## Aim of the task:
Omit every picture while repeating the entries exactly.

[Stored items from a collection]
[Start of Attachment]
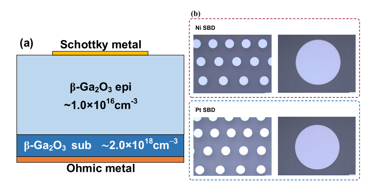 图 1. (a) 肖特基势垒二极管器件结构的平面示意图;(b) 镍基和铂基肖特基势垒二极管器件的显微图像。
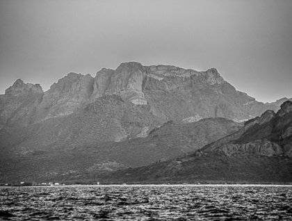 Windy conditions precluded the possibility of searching for whale sharks in La Paz Bay.  However, after the mandatory abandon ship drill and meeting Captain Kay and a few of the officers, we set sail for the south end of Isla Espiritu Santo.  Along the way, we scanned the seas for marine creatures, but not too many of our fellow guests felt like venturing out.
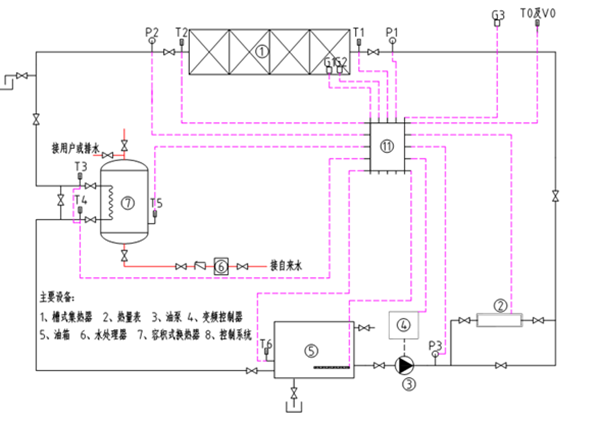 利用恒壓水箱、泵和流量控制閥,精密流量傳感器等調(diào)節(jié)控制工質(zhì)流量,并保證流量穩(wěn)定性在±1%以內(nèi)。系統(tǒng)采用變頻調(diào)速技術(shù)對油泵的流量進行任意調(diào)節(jié),變頻器為進口產(chǎn)品,可以實現(xiàn)網(wǎng)絡化控制,精度較高.在真空管太陽集熱器出口處和其它可能積聚空氣的地方安裝了放氣閥,管路設有穩(wěn)流裝置,時刻保證試驗其間的穩(wěn)流要求。
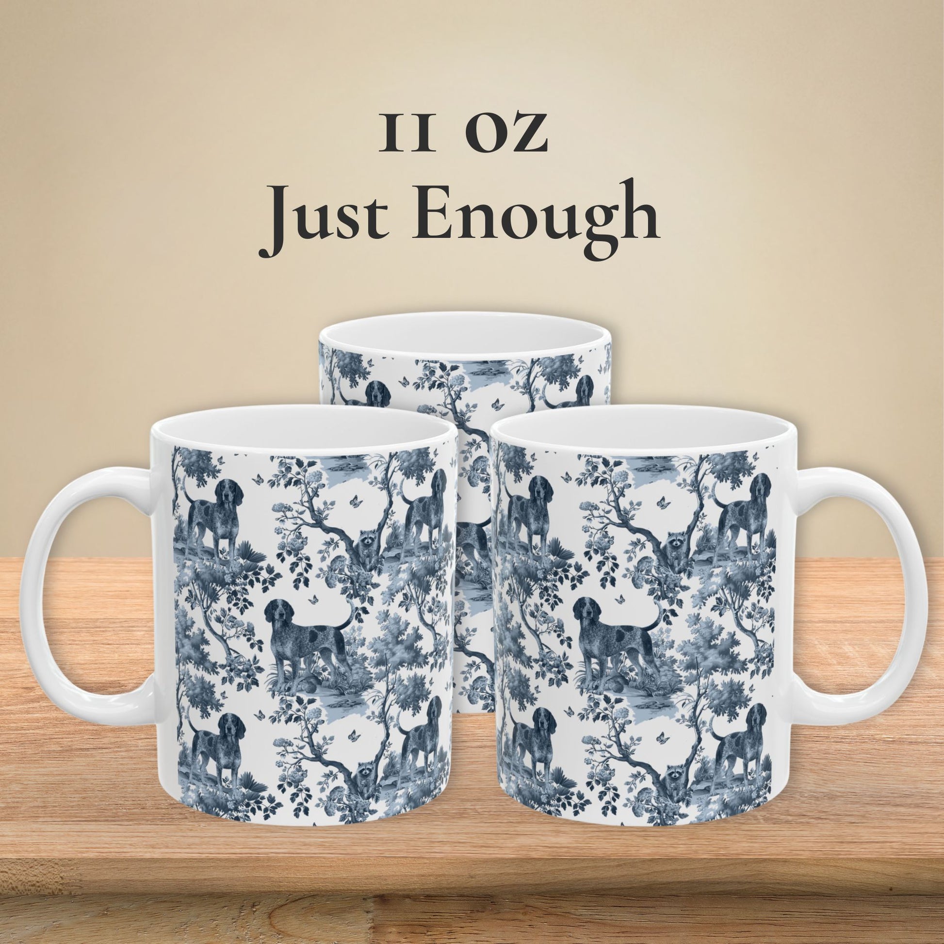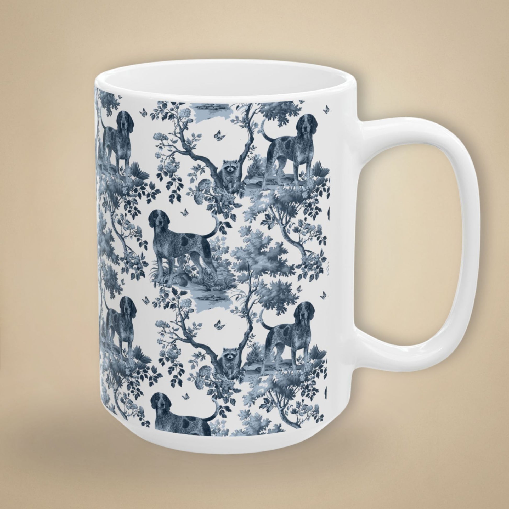 The love is real. The Bluetick Coonhound obsession is real. And this mug? Just as real as both. Our exclusive Bluetick Coonhound toile pattern brings elegant French design to your favorite obsession - printed in crisp, vibrant detail on glossy white ceramic. It's the kind of mug that makes people ask "where did you get that?" They're your world. This is your mug. Simple as that.
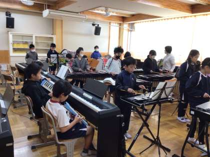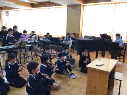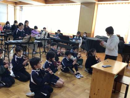 4年生の音楽の授業です。拍に合わせて、「茶色のこびん」の曲を合奏していました。
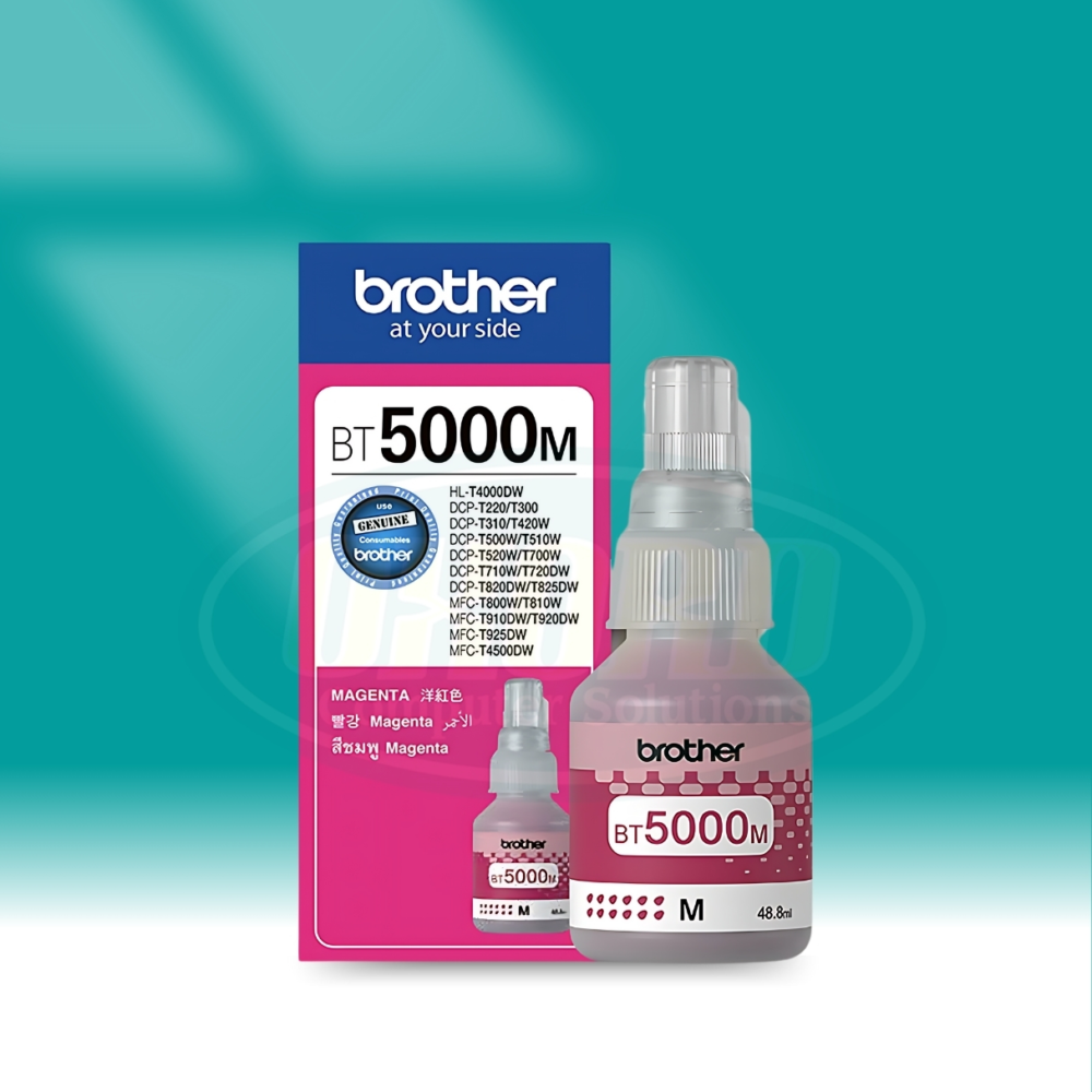 The Brother BT5000 Magenta Ink Bottle supplies vivid magenta dye ink for bold color prints. This 48.8ml original-level compatible bottle refills Brother Ink Tank printers smoothly and accurately.
[End of Attachment]
## Response to this task:
 图 1. (a) 肖特基势垒二极管器件结构的平面示意图;(b) 镍基和铂基肖特基势垒二极管器件的显微图像。
 Windy conditions precluded the possibility of searching for whale sharks in La Paz Bay.  However, after the mandatory abandon ship drill and meeting Captain Kay and a few of the officers, we set sail for the south end of Isla Espiritu Santo.  Along the way, we scanned the seas for marine creatures, but not too many of our fellow guests felt like venturing out.
 利用恒壓水箱、泵和流量控制閥,精密流量傳感器等調(diào)節(jié)控制工質(zhì)流量,并保證流量穩(wěn)定性在±1%以內(nèi)。系統(tǒng)采用變頻調(diào)速技術(shù)對油泵的流量進行任意調(diào)節(jié),變頻器為進口產(chǎn)品,可以實現(xiàn)網(wǎng)絡化控制,精度較高.在真空管太陽集熱器出口處和其它可能積聚空氣的地方安裝了放氣閥,管路設有穩(wěn)流裝置,時刻保證試驗其間的穩(wěn)流要求。
 The love is real. The Bluetick Coonhound obsession is real. And this mug? Just as real as both. Our exclusive Bluetick Coonhound toile pattern brings elegant French design to your favorite obsession - printed in crisp, vibrant detail on glossy white ceramic. It's the kind of mug that makes people ask "where did you get that?" They're your world. This is your mug. Simple as that.
 4年生の音楽の授業です。拍に合わせて、「茶色のこびん」の曲を合奏していました。
 The Brother BT5000 Magenta Ink Bottle supplies vivid magenta dye ink for bold color prints. This 48.8ml original-level compatible bottle refills Brother Ink Tank printers smoothly and accurately.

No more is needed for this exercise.